-- What the exercise asks --
Repeat exactly the lines that begin at the one containing "La coppia di" and end at the final line of the records; include no pictures and nothing else.

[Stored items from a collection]
•••

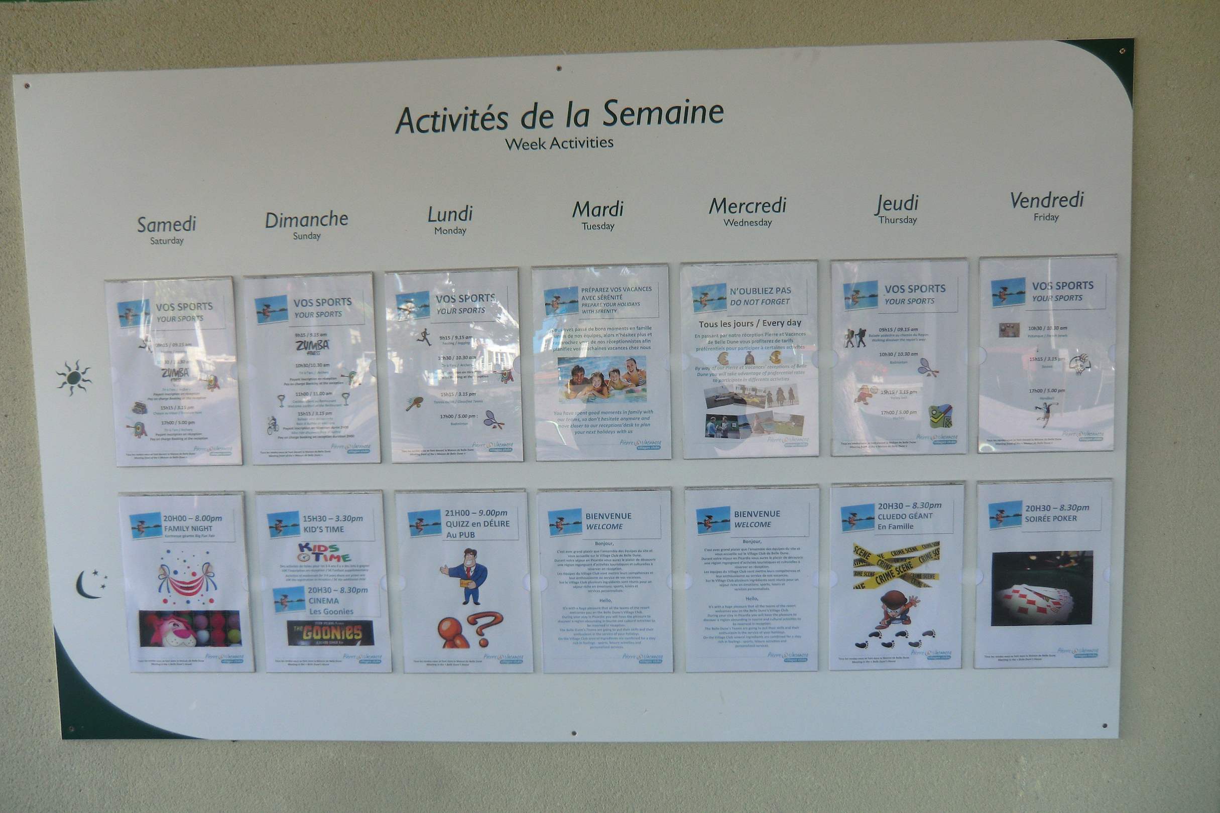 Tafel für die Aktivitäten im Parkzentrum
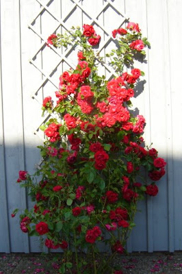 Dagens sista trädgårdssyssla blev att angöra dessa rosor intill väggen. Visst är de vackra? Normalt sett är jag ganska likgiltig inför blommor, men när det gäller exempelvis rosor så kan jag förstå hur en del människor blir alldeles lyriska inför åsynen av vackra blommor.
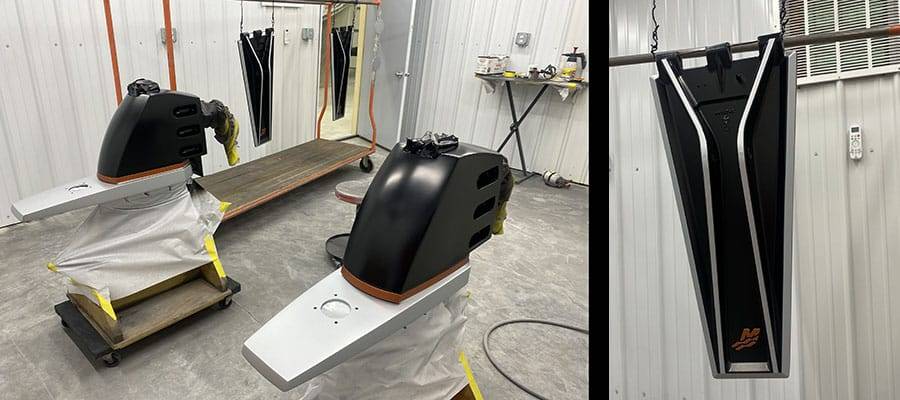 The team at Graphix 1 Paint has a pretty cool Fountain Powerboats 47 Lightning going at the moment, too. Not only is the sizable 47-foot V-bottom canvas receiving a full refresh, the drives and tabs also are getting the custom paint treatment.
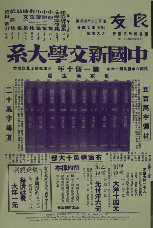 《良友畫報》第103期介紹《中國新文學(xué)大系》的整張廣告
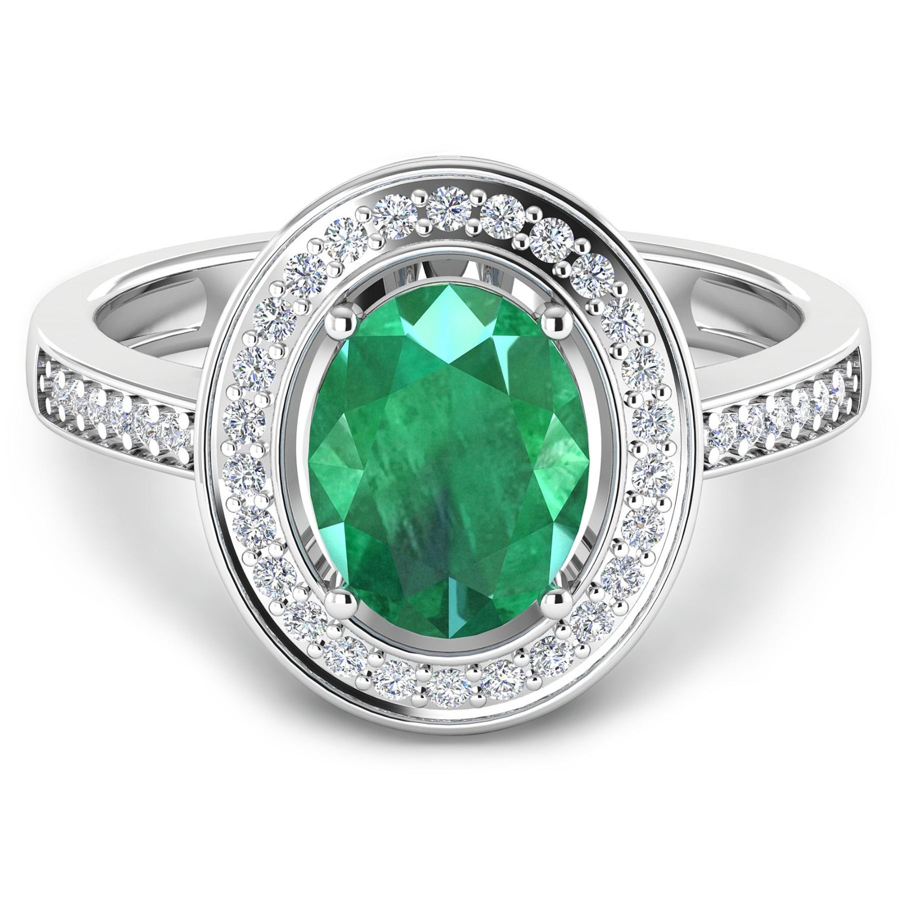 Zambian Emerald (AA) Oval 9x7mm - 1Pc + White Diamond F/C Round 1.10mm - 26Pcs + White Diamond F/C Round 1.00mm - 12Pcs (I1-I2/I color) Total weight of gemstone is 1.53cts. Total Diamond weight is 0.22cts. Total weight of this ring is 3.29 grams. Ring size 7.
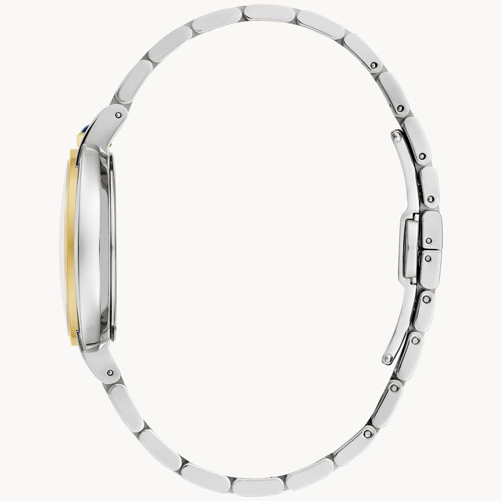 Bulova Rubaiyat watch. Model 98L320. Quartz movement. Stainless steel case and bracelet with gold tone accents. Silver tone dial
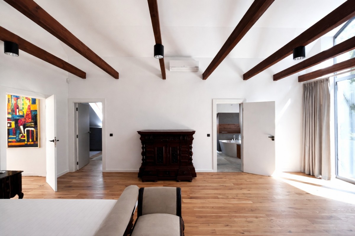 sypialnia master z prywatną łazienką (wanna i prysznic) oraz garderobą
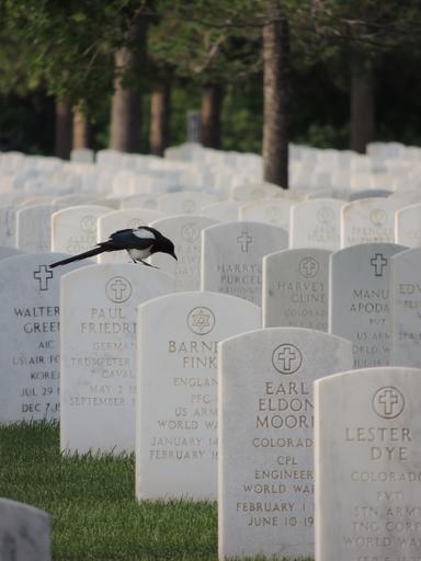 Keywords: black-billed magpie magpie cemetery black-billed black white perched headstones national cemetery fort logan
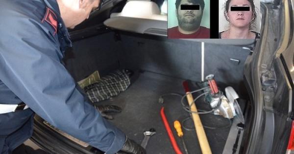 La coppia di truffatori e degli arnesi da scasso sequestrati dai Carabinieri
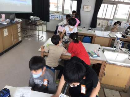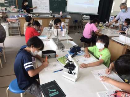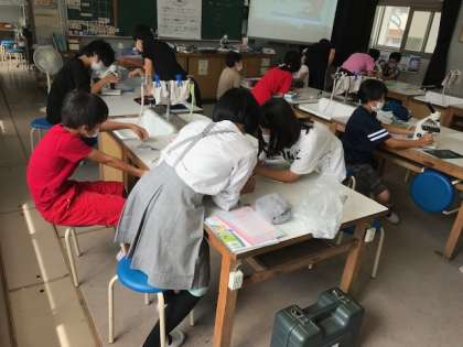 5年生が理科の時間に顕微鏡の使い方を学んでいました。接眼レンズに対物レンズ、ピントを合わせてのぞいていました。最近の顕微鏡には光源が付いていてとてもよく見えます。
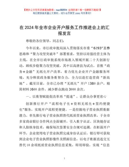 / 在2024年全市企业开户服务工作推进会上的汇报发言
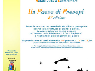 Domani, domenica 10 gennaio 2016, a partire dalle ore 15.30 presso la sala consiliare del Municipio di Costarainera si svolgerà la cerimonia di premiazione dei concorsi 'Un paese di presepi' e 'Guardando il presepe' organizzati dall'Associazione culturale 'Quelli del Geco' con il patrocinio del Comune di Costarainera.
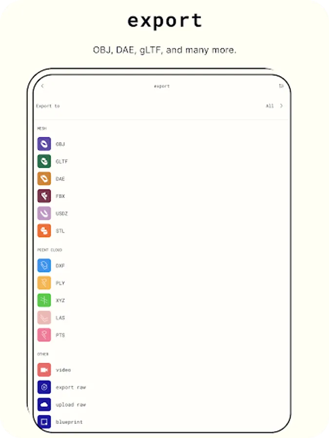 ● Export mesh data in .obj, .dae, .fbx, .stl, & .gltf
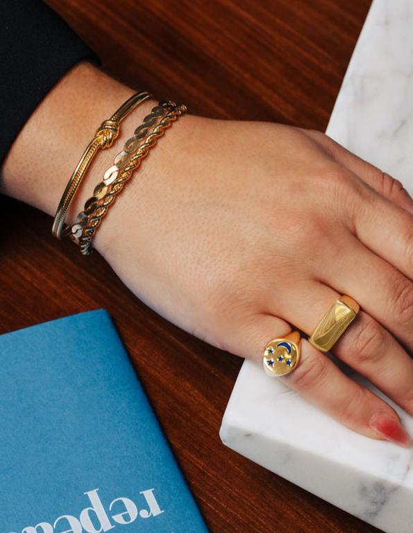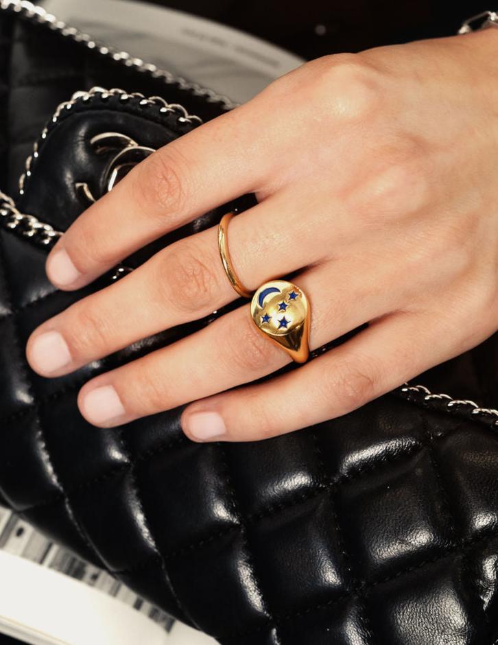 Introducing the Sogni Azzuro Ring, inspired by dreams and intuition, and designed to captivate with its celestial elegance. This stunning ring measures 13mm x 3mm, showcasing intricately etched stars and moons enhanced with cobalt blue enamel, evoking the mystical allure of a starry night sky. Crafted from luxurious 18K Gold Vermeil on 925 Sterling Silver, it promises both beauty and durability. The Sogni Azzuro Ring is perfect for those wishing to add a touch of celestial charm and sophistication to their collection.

•••

-- Answer to this task --
 La coppia di truffatori e degli arnesi da scasso sequestrati dai Carabinieri
 5年生が理科の時間に顕微鏡の使い方を学んでいました。接眼レンズに対物レンズ、ピントを合わせてのぞいていました。最近の顕微鏡には光源が付いていてとてもよく見えます。
 / 在2024年全市企业开户服务工作推进会上的汇报发言
 Domani, domenica 10 gennaio 2016, a partire dalle ore 15.30 presso la sala consiliare del Municipio di Costarainera si svolgerà la cerimonia di premiazione dei concorsi 'Un paese di presepi' e 'Guardando il presepe' organizzati dall'Associazione culturale 'Quelli del Geco' con il patrocinio del Comune di Costarainera.
 ● Export mesh data in .obj, .dae, .fbx, .stl, & .gltf
 Introducing the Sogni Azzuro Ring, inspired by dreams and intuition, and designed to captivate with its celestial elegance. This stunning ring measures 13mm x 3mm, showcasing intricately etched stars and moons enhanced with cobalt blue enamel, evoking the mystical allure of a starry night sky. Crafted from luxurious 18K Gold Vermeil on 925 Sterling Silver, it promises both beauty and durability. The Sogni Azzuro Ring is perfect for those wishing to add a touch of celestial charm and sophistication to their collection.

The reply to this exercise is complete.